This is the era of specialization, of left-handed relievers to face lefty batters, of sinker-balling relievers to come in with runners on base, of relievers of all shapes and sizes throwing 100 miles per hour with nasty movement.

Starting pitchers are supposed to get hit harder the third time through the order. That's why managers often don't let them get to that point.

But right now with Yamamoto, everything has gone out the window. It doesn't matter what hitters are supposed to do with him the more times they see him, because they aren't doing that. It doesn't matter what the Dodgers have in the bullpen, because they don't need that.

All they need is Yamamoto.

The heater is fast.

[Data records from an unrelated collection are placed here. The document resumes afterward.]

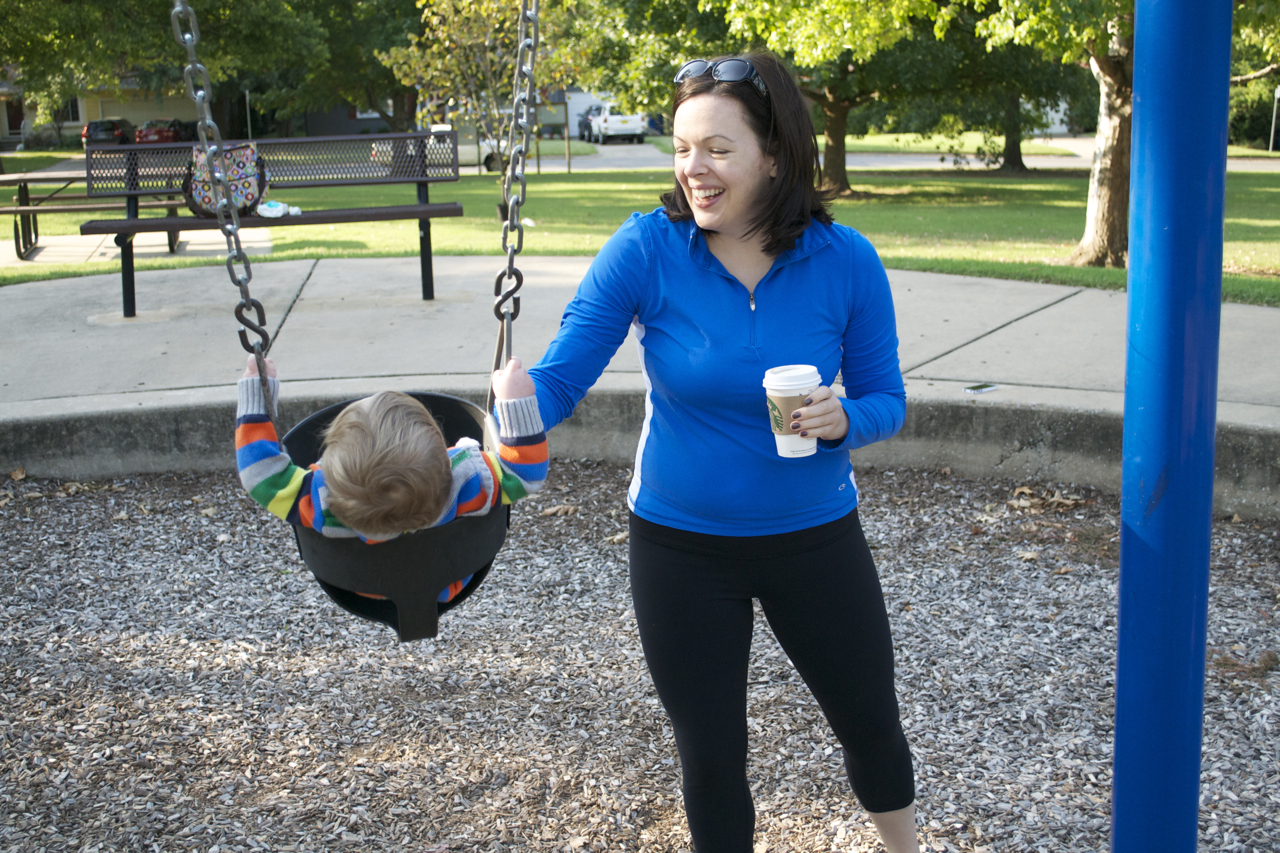 We had a great Sunday morning. Henry slept until 7:15 (beats the heck out of 5:30!), and after a delish breakfast of bacon and eggs, we headed out to the park for some swinging. This was Henry's first time in the baby swing. He wasn't sure of it at first, but he eventually got into it and couldn't stop smiling! He was a little less impressed with the slide.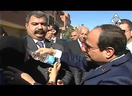 وأهدى الطفل للسيسي مصحفًا كهدية تذكارية، وتحدث إليه عن مشاكل قريته التي يعاني معظم القاطنين بها من الفشل الكلوي وسرطان الدم بسبب تلوث المياه وري الأراضي الزراعية بمياه الصرف الصحي.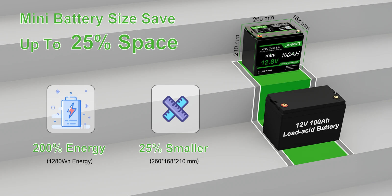 A: LANPWR 12V 100Ah lithium battery is a powerful replacement for Mini batteries due to its larger capacity than traditional AGM or Lead Acid batteries. It has a 100Ah capacity and 1280Wh energy, leaving you peace of mind to handle various situations.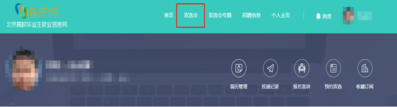 1.登錄進入北京高校大學生就業創業信息網,點擊網頁上方"雙選會"欄目。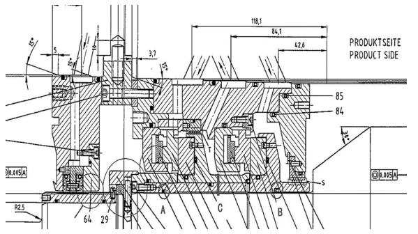 (1)故障描述。某機組運行過(guò)程中,巡檢人員在潤滑油箱內檢出高濃度天然氣,此時(shí)機組控制系統無(wú)任何報警信息。通過(guò)對干氣密封進(jìn)行拆檢,發(fā)現軸套與主軸之間O型圈發(fā)生破損造成密封失效(圖 1 A點(diǎn)),高壓工藝氣沿主軸與軸套之間的間隙竄入潤滑油系統,最終在油箱內產(chǎn)生聚積。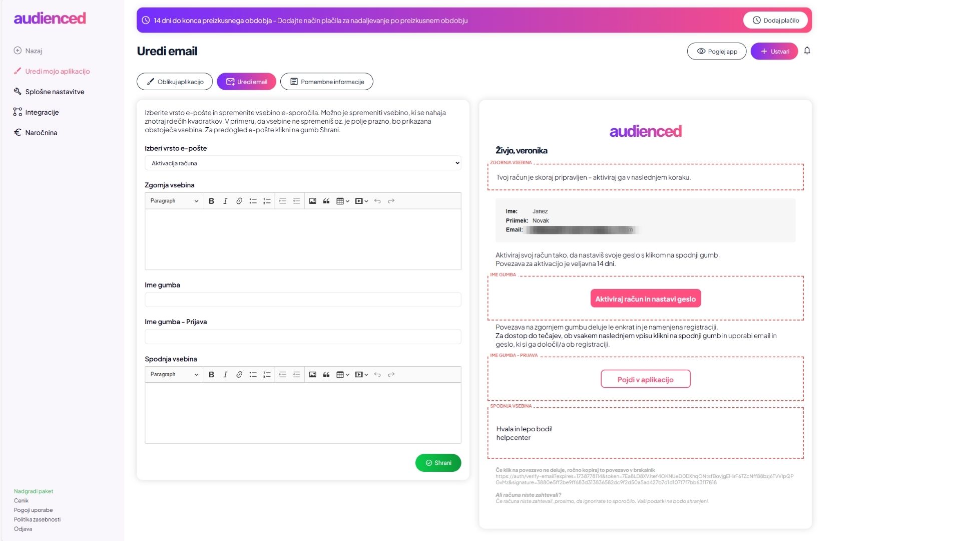 V tem zavihku urejaš vsebino sistemskih e-mailov, ki jih prejmejo tvoji uporabniki.

The splitter is nasty. The curveball is slow, and loopy, and not getting touched.

Yamamoto has ensured some fun. The Blue Jays won Game 1 of the World Series. But behind this gem, and a pair of late home runs by Will Smith and Max Muncy, the Dodgers have knotted things up.

There are more star pitchers coming, especially for the Dodgers. But they might just circle Game 6 on the calendar.

There's a realistic chance that the Dodgers can close it out in that contest, the next one Yamamoto would be lined up to pitch.

This is the franchise of Koufax, of Hershiser, of Drysdale, of Kershaw.

And right now, it's the franchise of Yamamoto. He's doing it as well as any pitcher in Dodgers blue ever has, in a way that felt like a thing of the past, in a beautiful, dominant, refuse-to-give-up-the-baseball kind of way. It doesn't get better than Yamamoto right now.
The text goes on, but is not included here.